DIRECTIONS:
In the records below, find the line containing "La lideresa de". Output it and every line after it to the end, unchanged, with no pictures.
-- INFORMATION SHOWN follows --
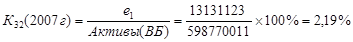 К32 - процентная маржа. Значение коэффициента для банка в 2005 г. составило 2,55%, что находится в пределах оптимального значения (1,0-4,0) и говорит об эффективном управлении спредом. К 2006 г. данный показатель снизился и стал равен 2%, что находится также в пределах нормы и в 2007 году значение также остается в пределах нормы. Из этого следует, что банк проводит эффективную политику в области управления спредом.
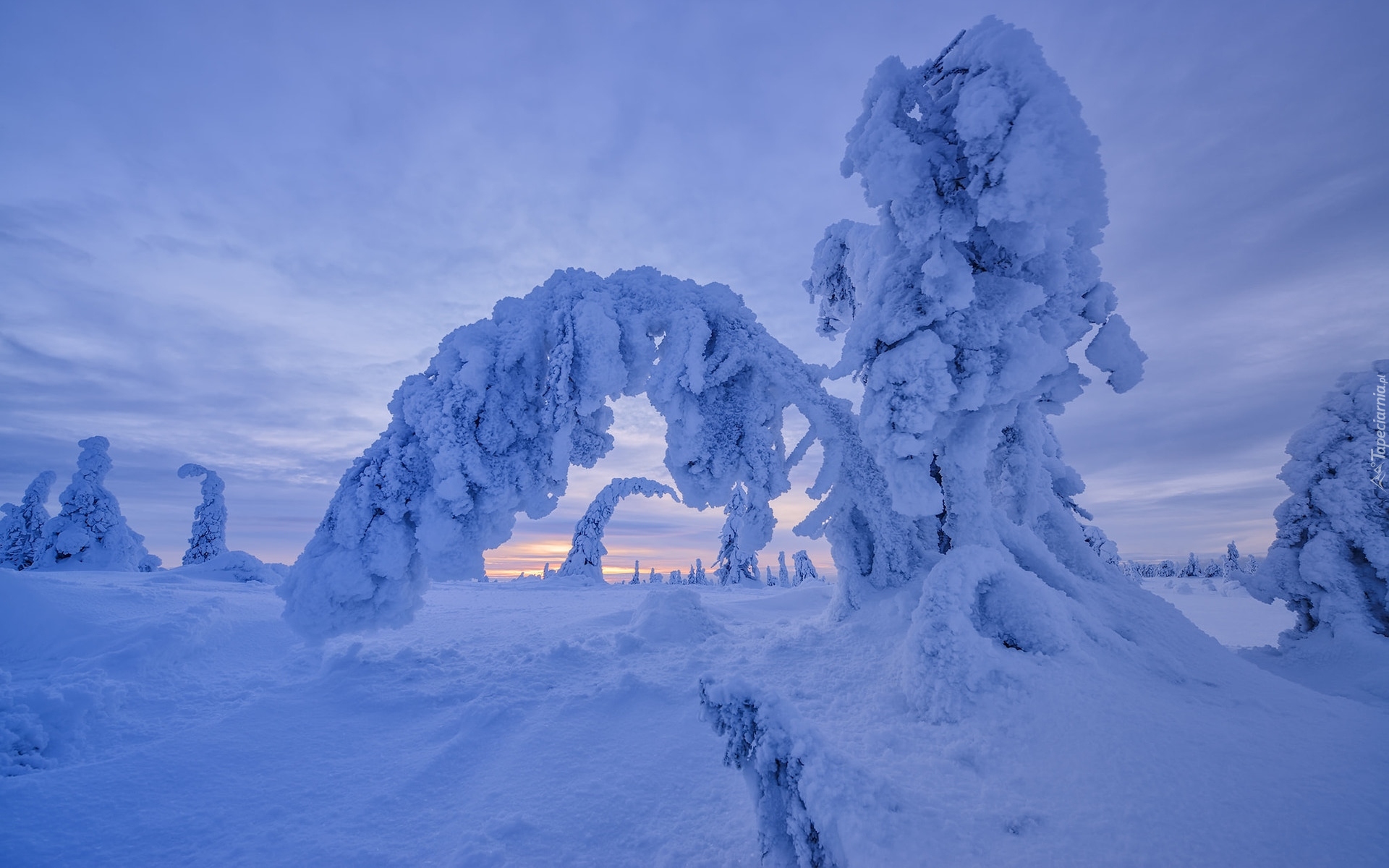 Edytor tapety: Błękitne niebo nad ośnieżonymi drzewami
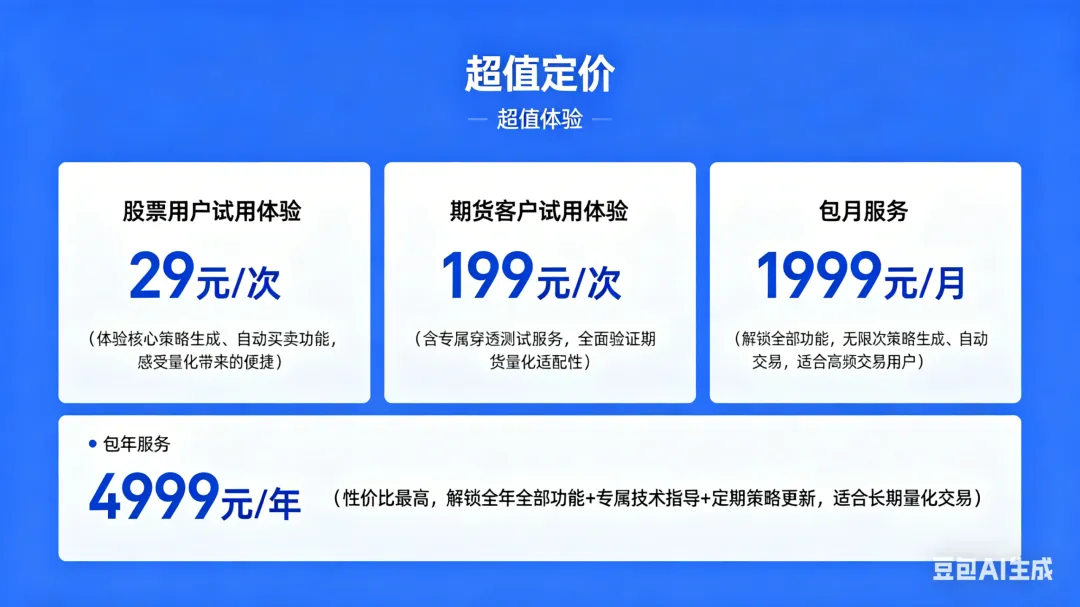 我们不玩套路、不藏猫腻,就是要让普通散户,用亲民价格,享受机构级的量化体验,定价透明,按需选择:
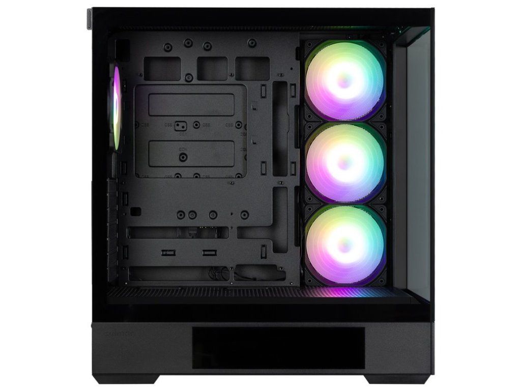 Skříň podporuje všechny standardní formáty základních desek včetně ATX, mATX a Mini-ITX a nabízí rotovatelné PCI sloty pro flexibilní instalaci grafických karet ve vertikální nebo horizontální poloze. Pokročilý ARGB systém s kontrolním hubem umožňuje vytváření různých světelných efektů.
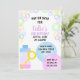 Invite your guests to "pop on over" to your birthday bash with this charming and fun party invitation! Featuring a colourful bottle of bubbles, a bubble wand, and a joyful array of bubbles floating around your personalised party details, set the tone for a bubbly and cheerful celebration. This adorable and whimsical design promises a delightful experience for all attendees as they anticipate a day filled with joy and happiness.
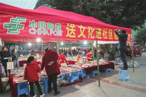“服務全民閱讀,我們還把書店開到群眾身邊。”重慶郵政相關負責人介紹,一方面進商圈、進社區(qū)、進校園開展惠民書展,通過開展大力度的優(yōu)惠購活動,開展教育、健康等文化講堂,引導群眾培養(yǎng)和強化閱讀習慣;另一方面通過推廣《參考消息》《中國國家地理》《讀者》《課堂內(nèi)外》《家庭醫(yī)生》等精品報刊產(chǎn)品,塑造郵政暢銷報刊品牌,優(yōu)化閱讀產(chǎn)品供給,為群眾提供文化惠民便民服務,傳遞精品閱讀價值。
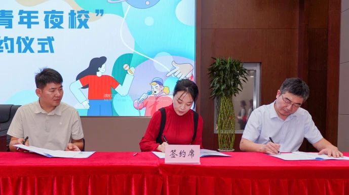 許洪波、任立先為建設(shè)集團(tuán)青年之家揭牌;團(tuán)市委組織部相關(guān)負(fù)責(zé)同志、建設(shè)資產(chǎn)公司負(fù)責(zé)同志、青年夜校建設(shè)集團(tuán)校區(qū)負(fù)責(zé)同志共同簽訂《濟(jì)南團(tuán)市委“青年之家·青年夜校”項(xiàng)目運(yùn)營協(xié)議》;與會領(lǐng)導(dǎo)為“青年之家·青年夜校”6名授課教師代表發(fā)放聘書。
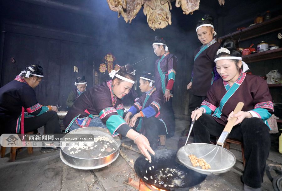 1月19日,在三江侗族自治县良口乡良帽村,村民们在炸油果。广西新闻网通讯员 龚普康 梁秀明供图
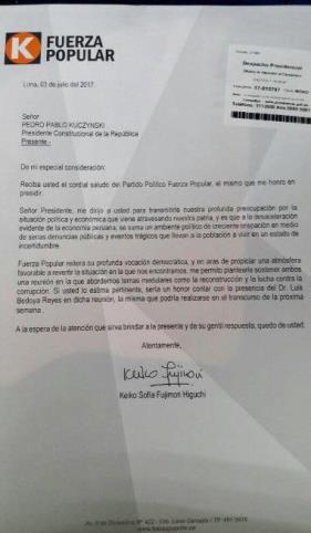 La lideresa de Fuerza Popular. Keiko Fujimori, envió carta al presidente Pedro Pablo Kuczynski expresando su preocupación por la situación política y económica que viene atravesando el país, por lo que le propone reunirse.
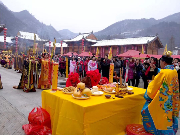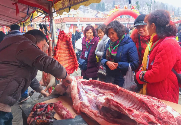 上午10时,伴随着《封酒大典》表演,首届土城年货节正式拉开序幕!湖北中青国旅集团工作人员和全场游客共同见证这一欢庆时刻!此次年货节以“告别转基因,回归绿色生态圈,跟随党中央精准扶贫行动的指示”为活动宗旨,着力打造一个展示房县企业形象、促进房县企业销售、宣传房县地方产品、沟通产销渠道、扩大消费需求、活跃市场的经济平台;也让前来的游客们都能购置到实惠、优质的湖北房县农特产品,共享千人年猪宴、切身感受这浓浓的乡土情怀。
-- INFORMATION SHOWN concluded --
THE COMPLETED TASK:
 La lideresa de Fuerza Popular. Keiko Fujimori, envió carta al presidente Pedro Pablo Kuczynski expresando su preocupación por la situación política y económica que viene atravesando el país, por lo que le propone reunirse.
 上午10时,伴随着《封酒大典》表演,首届土城年货节正式拉开序幕!湖北中青国旅集团工作人员和全场游客共同见证这一欢庆时刻!此次年货节以“告别转基因,回归绿色生态圈,跟随党中央精准扶贫行动的指示”为活动宗旨,着力打造一个展示房县企业形象、促进房县企业销售、宣传房县地方产品、沟通产销渠道、扩大消费需求、活跃市场的经济平台;也让前来的游客们都能购置到实惠、优质的湖北房县农特产品,共享千人年猪宴、切身感受这浓浓的乡土情怀。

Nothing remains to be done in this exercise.